Tuesday, 22 April 2014

Types of Data Marts

There are two basic types of data marts: dependent and independent. The categorization is based primarily on the data source that feeds the data mart. Dependent data marts draw data from a central data warehouse that has already been created. Independent data marts, in contrast, are standalone systems built by drawing data directly from operational or external sources of data, or both.

The main difference between independent and dependent data marts is how you populate the data mart; that is, how you get data out of the sources and into the data mart. This step, called the Extraction-Transformation-and Loading (ETL) process, involves moving data from operational systems, filtering it, and loading it into the data mart.

With dependent data marts, this process is somewhat simplified because formatted and summarized (clean) data has already been loaded into the central data warehouse. The ETL process for dependent data marts is mostly a process of identifying the right subset of data relevant to the chosen data mart subject and moving a copy of it, perhaps in a summarized form.

With independent data marts, however, you must deal with all aspects of the ETL process, much as you do with a central data warehouse. The number of sources is likely to be fewer and the amount of data associated with the data mart is less than the warehouse, given your focus on a single subject.

The motivations behind the creation of these two types of data marts are also typically different. Dependent data marts are usually built to achieve improved performance and availability, better control, and lower telecommunication costs resulting from local access of data relevant to a specific department. The creation of independent data marts is often driven by the need to have a solution within a shorter time.

What is Data Warehousing

What is Data Warehousing?


In computing, a data warehouse (DW, DWH), or an enterprise data warehouse (EDW), is a database used for reporting and data analysis. Integrating data from one or more disparate sources creates a central repository of data, a data warehouse (DW).

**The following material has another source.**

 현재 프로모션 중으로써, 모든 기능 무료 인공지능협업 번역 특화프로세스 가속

Data warehouses store current and historical data and are used for creating trending reports for senior management reporting such as annual and quarterly comparisons.

The data stored in the warehouse is uploaded from the operational systems (such as marketing, sales, etc., shown in the figure to the right). The data may pass through an operational data store for additional operations before it is used in the DW for reporting.

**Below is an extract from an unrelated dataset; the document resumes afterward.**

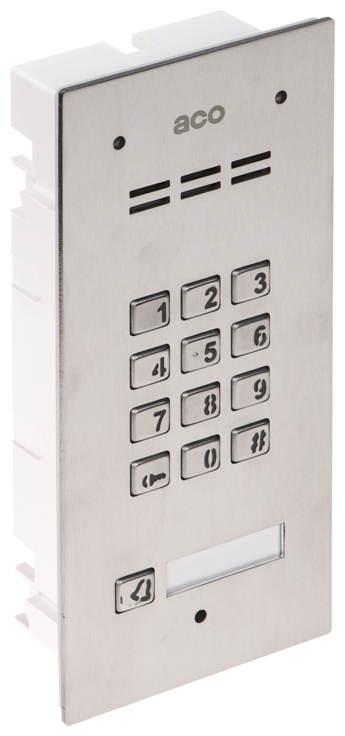 Compatibility: ACO COMO PRO </span>;>Mounting type: Installation in flush-mounted housings </span>;>Built-in proximity reader: Unique EM 125kHz </span>;>Number of subscriptions: 1 </span>;>Source of energy supply: 15 V DC / 400 mA </span>;>Housing: Stainless steel </span>;

The typical extract-transform-load (ETL)-based data warehouse uses staging, data integration, and access layers to house its key functions. The staging layer or staging database stores raw data extracted from each of the disparate source data systems. The integration layer integrates the disparate data sets by transforming the data from the staging layer often storing this transformed data in an operational data store (ODS) database. The integrated data are then moved to yet another database, often called the data warehouse database, where the data is arranged into hierarchical groups often called dimensions and into facts and aggregate facts. The combination of facts and dimensions is sometimes called a star schema. The access layer helps users retrieve data.

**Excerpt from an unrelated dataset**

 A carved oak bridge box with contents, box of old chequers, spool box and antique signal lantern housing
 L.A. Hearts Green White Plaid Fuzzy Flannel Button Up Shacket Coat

A data warehouse constructed from integrated data source systems does not require ETL, staging databases, or operational data store databases. The integrated data source systems may be considered to be a part of a distributed operational data store layer. Data federation methods or data virtualization methods may be used to access the distributed integrated source data systems to consolidate and aggregate data directly into the data warehouse database tables. Unlike the ETL-based data warehouse, the integrated source data systems and the data warehouse are all integrated since there is no transformation of dimensional or reference data. This integrated data warehouse architecture supports
the drill down from the aggregate data of the data warehouse to the transactional data of the integrated source data systems.

A data mart is a small data warehouse focused on a specific area of interest. Data warehouses can be subdivided into data marts for improved performance and ease of use within that area. Alternatively, an organization can create one or more data marts as first steps towards a larger and more complex enterprise data warehouse.